We need new signage to reflect any and all disabilities
Symbols matter because societal attitudes reflect the way they are interpreted. Until we start a national conversation of how we change and adapt these signs to reflect any and all disabilities, we will continue to marginalise a significant proportion of people who are disabled, says Martin Whitfield MP.
We all recognise the wheelchair sign; the conventional static wheelchair is the symbol of what constitutes a disability. It is the International Symbol of Access and it implicitly defines what it means to be disabled.
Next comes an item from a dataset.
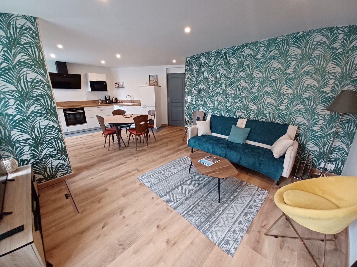Spis frokost, les, betrakt havet 🌊 fra stuen i denne koselige leiligheten med balkong på Opalkysten med innsjekking uten vert. ✅ Høydepunkter 🌅 180° havutsikt 🪟 Stort buktvindu og 6 kvm balkong. 🚗 Privat garasje (én plass) 📶Trådløst nettverk + tilkoblet TV ✨Renovert leilighet på 54 kvm, koselig og lys, med en raffinert innredning. 🏖️Alt innenfor gangavstand: strand, butikker, restauranter, kasino … og gå for å observere selene (avhengig av tidevannet). 👶 Babyer er velkomne: sammenleggbar barneseng og barnestol på stedet

The disability charity Scope estimate that there’re 13.9m people in the UK who are disabled, yet just 10% of those who are, are wheelchair users. We often therefore unwittingly discount the range of ‘Invisible’ Disabilities that often restrict the lives of a significant number of people in the UK.
Thankfully this understanding of what we view as a disability is changing but unfortunately there is still a long way to go. Recent research by Crohn’s and Colitis UK revealed that 93% of people questioned think that by challenging a healthy-looking person for using an accessible toilet, they are doing the right thing as they are “standing up for the rights of disabled people”.
I do not think most people responding to this survey did so maliciously. Their first thought was to stand up for what they perceive as those in the greatest need.
We as a society need to ensure that a person with Crohn’s, Autism, Multiple Sclerosis, ME and many other conditions are often as in need of accessibility rights as those with other disabilities.
This was unfortunately the case, when a young constituent of mine tried to use an accessible toilet facility.
Grace Warnock, who is now 14 and has Crohn’s disease was accosted and abused for using an accessible toilet. Grace felt embarrassed and upset but she was determined to do something about it. She started to campaign to make people aware that not all disabilities are visible. This led to her developing a toilet sign and campaigning for people to have a heart.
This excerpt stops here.